Personal information
- Nickname(s): Buckets
- Date of birth: 23 May 1968 (age 56)
- Original team(s): Mount Eliza, Victoria
- Height: 194 cm (6 ft 4 in)
- Weight: 114 kg (251 lb)
- Position(s): Centre half forward

Playing career^{1}
- Years: Club / Games (Goals)
- 1986–2002: St Kilda / 321 (594)
- ^{1} Playing statistics correct to the end of 2002.

Career highlights
- 2× All-Australian: 1991, 1992; Trevor Barker Award: 1990; 2× St Kilda leading goalkicker: 1995, 1996; E. J. Whitten Medal: 1992; St Kilda Team of the Century;

= Stewart Loewe =

Australian rules footballer, born 1968

Stewart Loewe (born 23 May 1968) is a former Australian rules football player for the St Kilda Football Club.

Nicknamed "Buckets" for his big hands and the way he was able to mark the ball with ease, Loewe debuted in 1986 for the St Kilda Football Club after being recruited from Mount Eliza. He played junior football for P. & C. Junior Football Club based in Delacombe Park, Frankston, where his large size helped him excel in the position of ruckman, though he was also known for his poor kicking that would plague him throughout his AFL career.

At centre-half-forward, Loewe formed a lethal forward-line partnership with full-forward Tony Lockett.
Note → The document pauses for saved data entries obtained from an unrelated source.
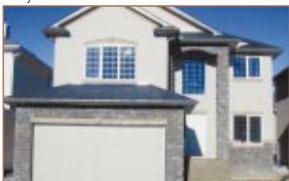
57 Strathlea Close SW $409,000 NEW HOME, IMMEDIATE POSSESSION

Just listed, available for quick possession! Beautiful former Cidex showhome offering 2400 sq. ft. of living space and charming curb appeal with wrap around verandah. Features extensive hardwood flooring, designer kitchen with maple cabinets, granite counters, mosaic tile backsplash, 10' long island, 2 wine racks & decorative display drawers plus nook with windows on 3 sides. Great rm plan with upper bonus room and 3 bedrooms. Finished walkout basement with 4th bedroom, family room with fireplace, full bathroom.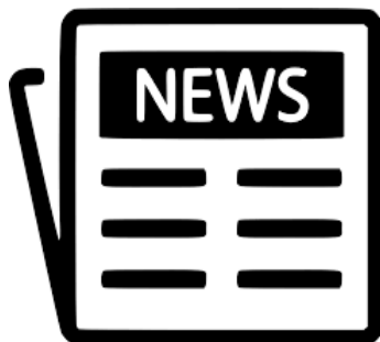
CITY MANAGER'S NEWSLETTER

Launched in January 2019 as a place where we can tell Concord's story & house our own City news. More posts coming soon!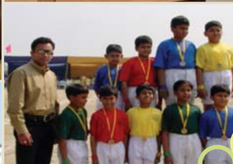
Eminent Cricketer Mr. Saba Karim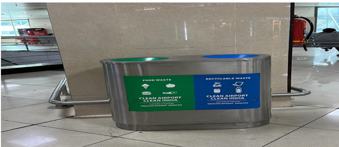
Figure 2 – Separate Waste Bins at Airports for Solid Waste and Recyclable Waste (Plastic Waste)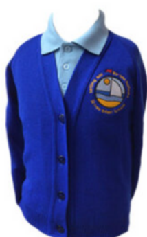
St. Ives Infant School Cardigan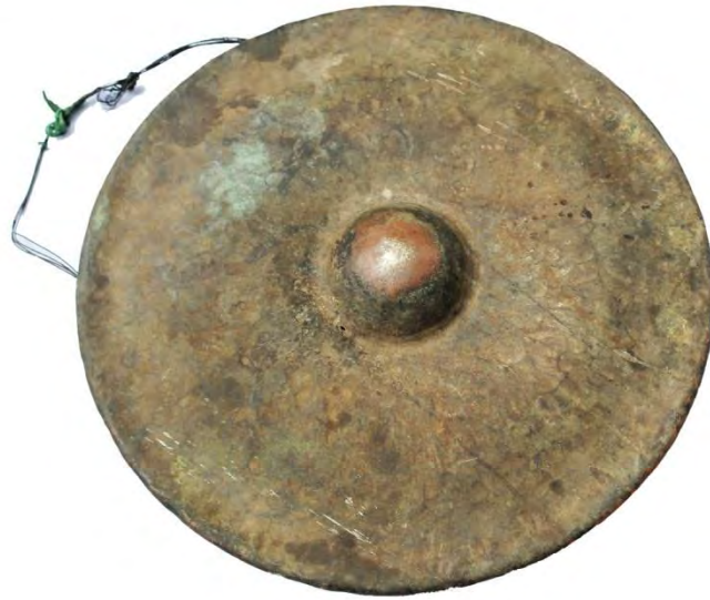
Klat the instrument of gong

He had an awkward kicking style which sometimes resulted in missing easy shots, but his ability to kick long goals and consistent contested marking more than made up for it.

He went on to enjoy a great career, winning All-Australian selection in 1991 and 1992, winning the E. J. Whitten Medal in 1992 and co-captaining the side from 1996 to 1998.
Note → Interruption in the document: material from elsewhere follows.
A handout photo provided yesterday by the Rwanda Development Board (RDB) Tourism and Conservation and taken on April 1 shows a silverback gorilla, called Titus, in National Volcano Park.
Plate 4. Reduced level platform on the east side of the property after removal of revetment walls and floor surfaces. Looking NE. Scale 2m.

Loewe played in St Kilda's 1996 AFL Ansett Australia Cup winning side.

Loewe played in 21 of 22 matches in the 1997 AFL premiership season home and away rounds in which St Kilda Football Club qualified in first position for the 1997 AFL Finals Series, winning the club's 2nd Minor Premiership and 1st McClelland Trophy.
He retired in 2002, with 321 games, a record only surpassed at the Saints by Nathan Burke and Robert Harvey.

He was known to have been courted by other clubs during his career, most notably Fremantle on their introduction to the AFL, however he tells a less known story about the time Loewe nearly joined league heavyweights Essendon, before deciding to stay a one-club legend at St Kilda.

Loewe later played 68 games for Old Haileybury Amateur Football Club and played in the 2006 A Grade Premiership. He now coaches the senior team at Old Haileybury.